En marzo de 2001, la promoción de McDonald’s comenzó de nuevo con el juego promocional “¿Quién quiere ser millonario?”. “Ahí es donde vino la verdadera codicia de mi parte”, admitió Baker. Le preguntó a Jacobson si aceptaría un terreno en Edgewater Hills para un par de piezas de juego (examine más sobre estas cuestiones en la presente plataforma online de ciencias sociales y humanidades). Baker le dio un ganador de $ 1 millón a una amiga, Ronnie Hughey, y una ganadora de $ 500,000 a la hermana de su esposa, Brenda Phenis. Les dio instrucciones estrictas sobre cómo establecer vidas falsas en otros estados, reclamar sus premios y mantener la boca cerrada.

El 27 de abril de 2001, Dent recibió una llamada de McDonald’s, informándole que el Sr. Ronald E. Hughey, residente de toda la vida de Germantown, Tennessee, había reclamado el premio de $ 1 millón. Cuando Amy Murray llamó al teléfono de Hughey, ella le pidió que apareciera en un comercial de televisión, pero Hughey dijo que preferiría permanecer en el anonimato, porque padecía depresión. (Tal vez sea de interés más investigación sobre el concepto).

Detalles

Los agentes técnicos pronto descubrieron que el número de teléfono de Hughey en Tennessee era solo un dispositivo de desvío de llamadas.Entre las Líneas En realidad vivía en Anderson, Carolina del Sur, a solo millas de la casa de George Chandler, el último ganador.

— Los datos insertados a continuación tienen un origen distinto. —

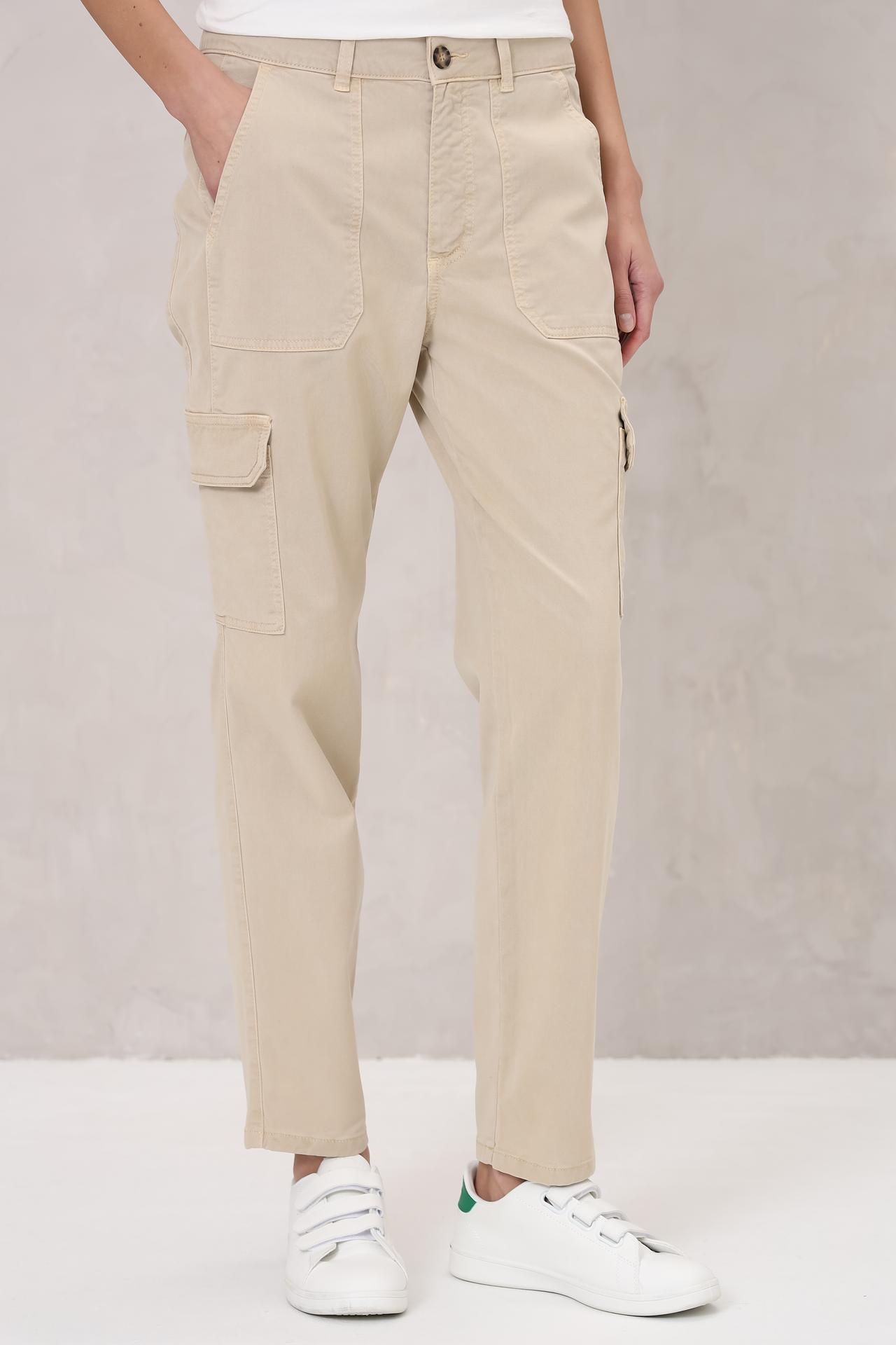 Брюки Oui женские, цвет бежевый, с карманами карго

Para ocultar la dirección de su cuñada en Carolina del Sur, Baker llevó a Brenda Phenis a un viaje por carretera a Carolina del Norte, recordó. “Ella había localizado un apartamento, lo había alquilado, había obtenido un teléfono, una dirección postal, una cuenta bancaria y creo que una licencia de conducir de Carolina del Norte”. El 16 de mayo de 2001, Baker se puso de pie sobre el hombro de Phenis cuando marcó el número de McDonald’s. línea directa y reclamó el boleto ganador de $ 500,000. Phenis había acordado pagar los impuestos, dar a Baker $ 90,000 y a Jacobson $ 70,000, y quedarse con $ 90,000 para ella. “Ella se había comprometido con otras personas a comprarles un auto, construir una casa y ella se comprometió en exceso”, recordó Baker. Phenis también le contó a su hijo sobre el plan, a su esposa y a su otra hermana.

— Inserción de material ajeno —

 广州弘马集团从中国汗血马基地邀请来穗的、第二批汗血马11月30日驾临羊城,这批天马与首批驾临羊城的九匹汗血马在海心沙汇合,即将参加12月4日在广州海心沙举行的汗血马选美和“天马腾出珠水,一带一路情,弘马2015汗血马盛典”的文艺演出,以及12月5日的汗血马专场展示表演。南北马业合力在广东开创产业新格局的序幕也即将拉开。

El 30 de mayo de 2001, McDonald’s notificó a Dent de la ganancia de $ 500,000 de Phenis. Comprobó las agencias de crédito y rápidamente descubrió que ella también vivía en Carolina del Sur, en una ciudad llamada Westminster. Dent encontró un mapa del estado y fijó las direcciones de Hughey, Chandler y Phenis. Había descubierto un triángulo dorado de 25 millas de sospechosos ganadores de McDonald’s, y en su centro estaba la casa frente al lago de Jacobson.

Dent solicitó que McDonald’s demorara el envío de cheques a Hughey y Phenis mientras solicitaba escuchas telefónicas. “Este retraso intencional… resultó ser muy fructífero”, recordó, porque tres semanas después todos estaban entrando en pánico.Entre las Líneas En las llamadas grabadas, Jacobson le dijo a Baker que Phenis tenía que insistir en que McDonald’s “hiciera algo por escrito” para que Baker pudiera hacer un “problema legal” sobre la demora. “Diría que… ‘¿Necesitamos un abogado o debo llamar a la oficina en casa'”, sugirió Jacobson, “¿o debo llamar a Burger King?”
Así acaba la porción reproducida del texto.